• **Dataset section**

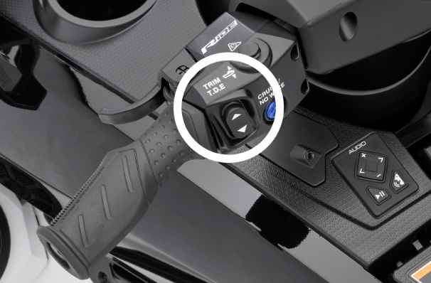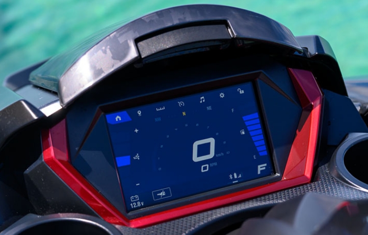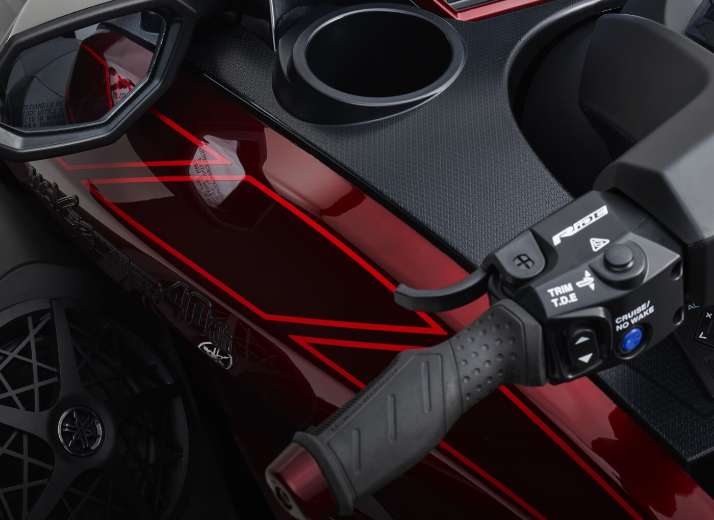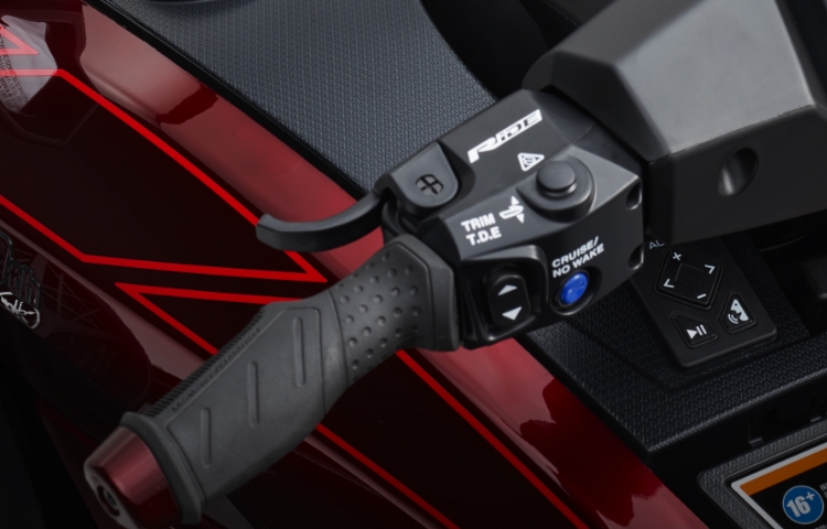 左グリップ側のボタン操作により、走行状態に応じた最適なトリムに設定できる電動トリムシステム。立ち上がりの素早いプレーニング状態の確保や、走行中の加減速によるバウの跳ね上がり・沈み込みの低減、波を乗り越える際のバウのコントロールなど、さまざまな速度域における艇体の姿勢保持に効果を発揮。ライダーの意図に合わせた走行を素早く、的確にサポートします。
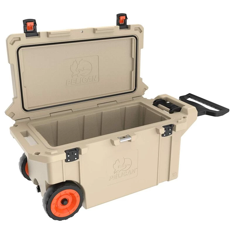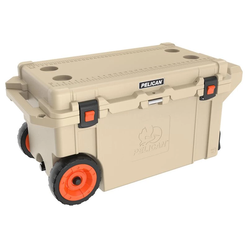 Pelican Elite 80 Quart Wheeled Cooler. Full 80 Quart internal acpacity. Up to 10 days ice retention, freezer grade gasket, 2″ polyurethane insulation. Press & Pull Latches (Wide for Gloved Use). Integrated Fish Scale on Lid. Heavy duty wheels.
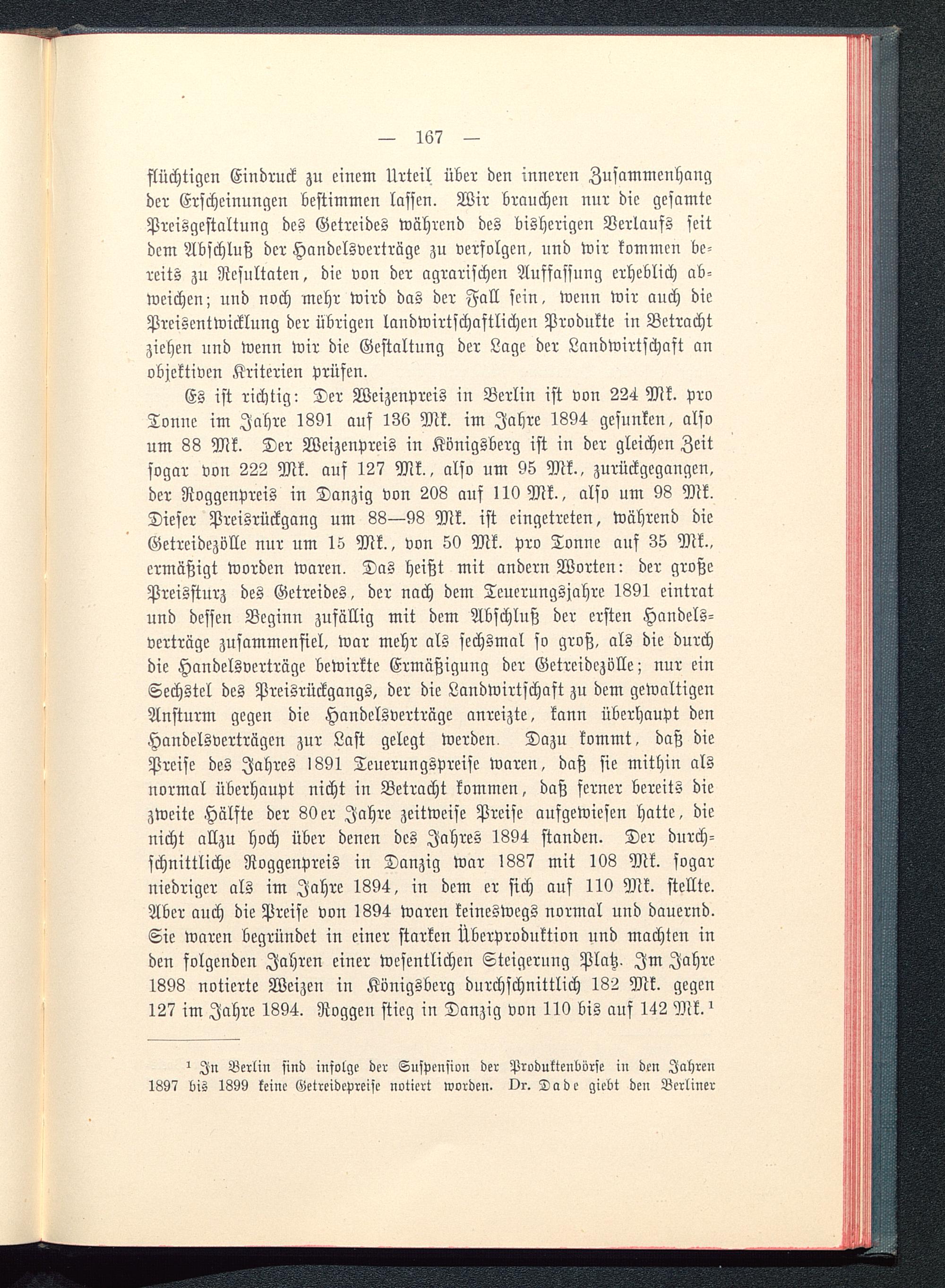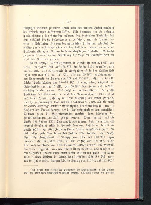 Es ist richtig: Der Weizenpreis in Berlin ist von 224 Mk. proTonne im Jahre 1891 auf 136 Mk. im Jahre 1894 gesunken, alsoum 88 Mk. Der Weizenpreis in Königsberg ist in der gleichen Zeitsogar von 222 Mk. auf 127 Mk., also um 95 Mk.. zurückgegangen,der Roggenpreis in Danzig von 208 auf 110 Mk., also um 98 Mk.Dieser Preisrückgang um 88—98 Mk. ist eingetreten, während dieGetreidezölle nur um 15 Mk., von 50 Mk. pro Tonne ans 35 Mk..ermäßigt worden waren. Das heißt mit andern Worten: der großePreissturz des Getreides, der nach dem Teuerungsjahre 1891 eintratund dessen Beginn zufällig mit dem Abschluß der ersten Handels-verträge zusammenfiel, war mehr als sechsmal so groß, als die durchdie Handelsverträge bewirkte Ermäßigung der Getreidezölle; nur einSechstel des Preisrückgangs, der die Landwirtschaft zu dem gewaltigenAnsturm gegen die Handelsverträge anreizte, kann überhaupt denHandelsverträgen zur Last gelegt werden. Dazu kommt, daß diePreise des Jahres 1891 Teuerungspreise waren, daß sie mithin alsnormal überhaupt nicht in Betracht kommen, daß ferner bereits diezweite Hälfte der 80 er Jahre zeitweise Preise aufgewiesen hatte, dienicht allzu hoch über denen des Jahres 1894 standen. Der durch-schnittliche Roggenpreis in Danzig war 1887 mit 108 Mk. sogarniedriger als im Jahre 1894, in dem er sich auf 110 Mk. stellte.Aber auch die Preise von l894 waren keineswegs normal und dauernd.Sie waren begründet in einer starken Überproduktion und machten inden folgenden Jahren einer wesentlichen Steigerung Platz. Im Jahre1898 notierte Weizen in Königsberg durchschnittlich 182 Mk. gegen127 im Jahre 1894. Roggen stieg in Danzig von 110 bis auf 142 Mk.'

• **What needs to be done**
Print the data above exactly, from its first line to the line bearing "Pelican Elite 80" inclusive, and keep pictures out of the result.

• **Exercise answer**
 左グリップ側のボタン操作により、走行状態に応じた最適なトリムに設定できる電動トリムシステム。立ち上がりの素早いプレーニング状態の確保や、走行中の加減速によるバウの跳ね上がり・沈み込みの低減、波を乗り越える際のバウのコントロールなど、さまざまな速度域における艇体の姿勢保持に効果を発揮。ライダーの意図に合わせた走行を素早く、的確にサポートします。
 Pelican Elite 80 Quart Wheeled Cooler. Full 80 Quart internal acpacity. Up to 10 days ice retention, freezer grade gasket, 2″ polyurethane insulation. Press & Pull Latches (Wide for Gloved Use). Integrated Fish Scale on Lid. Heavy duty wheels.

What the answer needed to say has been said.